* [Task instructions]: Please restate word for word the lines of the entries below from the one with "Dans le menu" to the one with "馆方证实三器分别为「明 弘治款 娇黄绿彩双龙小碗」、「清", inclusive, and leave out every picture.

··· Data in this exercise

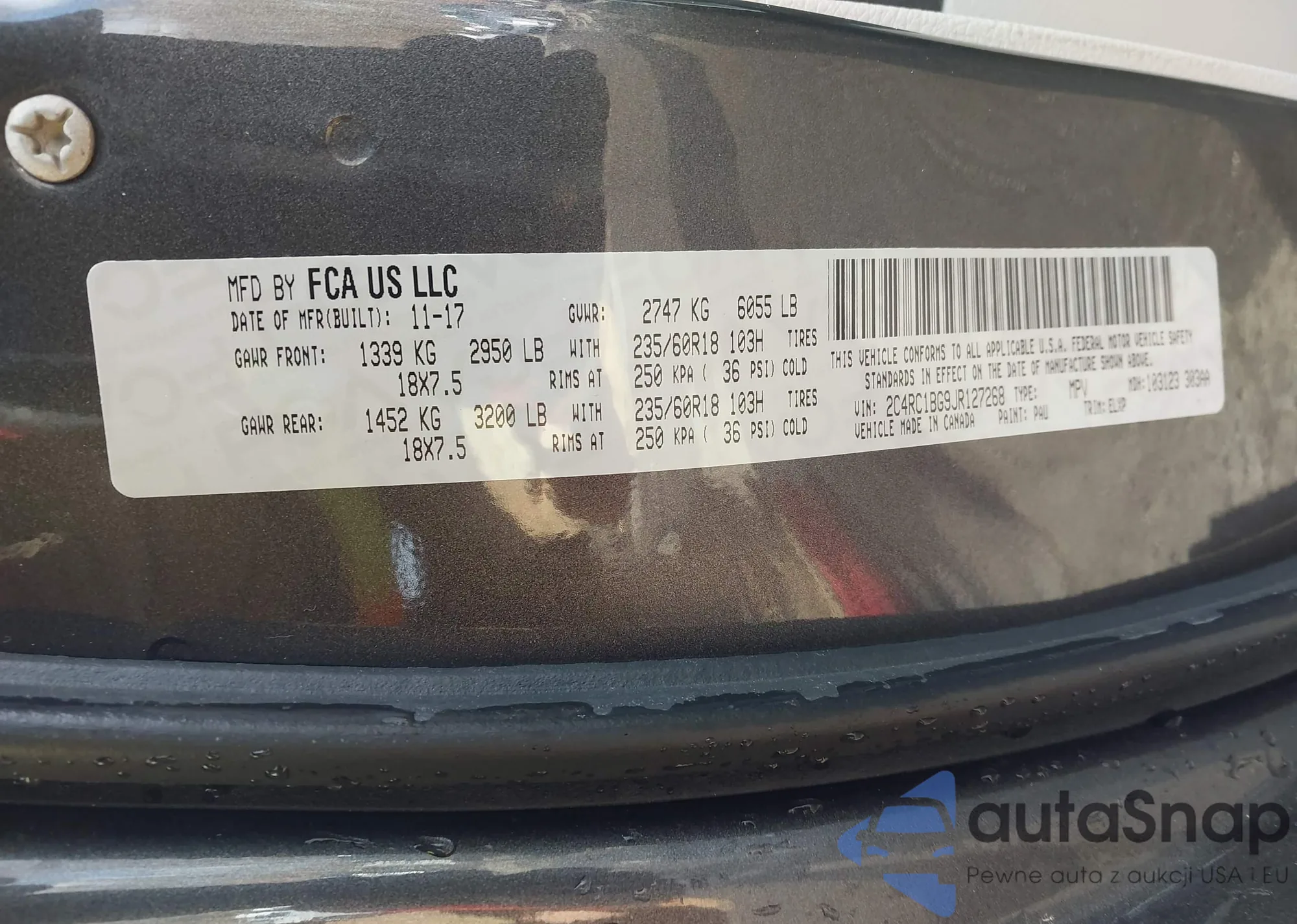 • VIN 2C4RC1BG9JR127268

······
··· Data in this exercise

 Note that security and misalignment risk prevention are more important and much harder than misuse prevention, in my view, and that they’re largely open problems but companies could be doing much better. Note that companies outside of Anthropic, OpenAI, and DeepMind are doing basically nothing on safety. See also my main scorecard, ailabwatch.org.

······
··· Data in this exercise

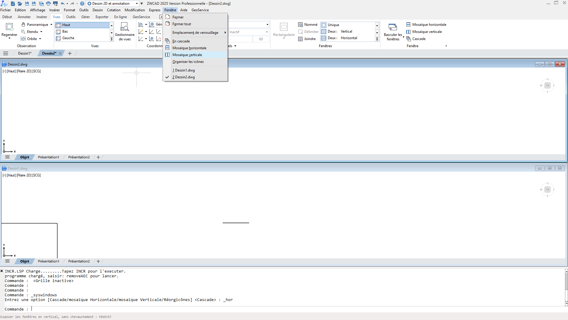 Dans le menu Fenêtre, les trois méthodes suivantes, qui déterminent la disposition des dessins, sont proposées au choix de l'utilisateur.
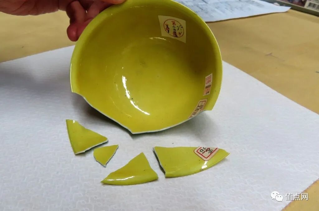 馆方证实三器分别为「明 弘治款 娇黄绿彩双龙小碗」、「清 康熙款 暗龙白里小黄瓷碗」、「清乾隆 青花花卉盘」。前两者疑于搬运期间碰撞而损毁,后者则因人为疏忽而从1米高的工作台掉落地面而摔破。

······

* [Result of the exercise]:
 Dans le menu Fenêtre, les trois méthodes suivantes, qui déterminent la disposition des dessins, sont proposées au choix de l'utilisateur.
 馆方证实三器分别为「明 弘治款 娇黄绿彩双龙小碗」、「清 康熙款 暗龙白里小黄瓷碗」、「清乾隆 青花花卉盘」。前两者疑于搬运期间碰撞而损毁,后者则因人为疏忽而从1米高的工作台掉落地面而摔破。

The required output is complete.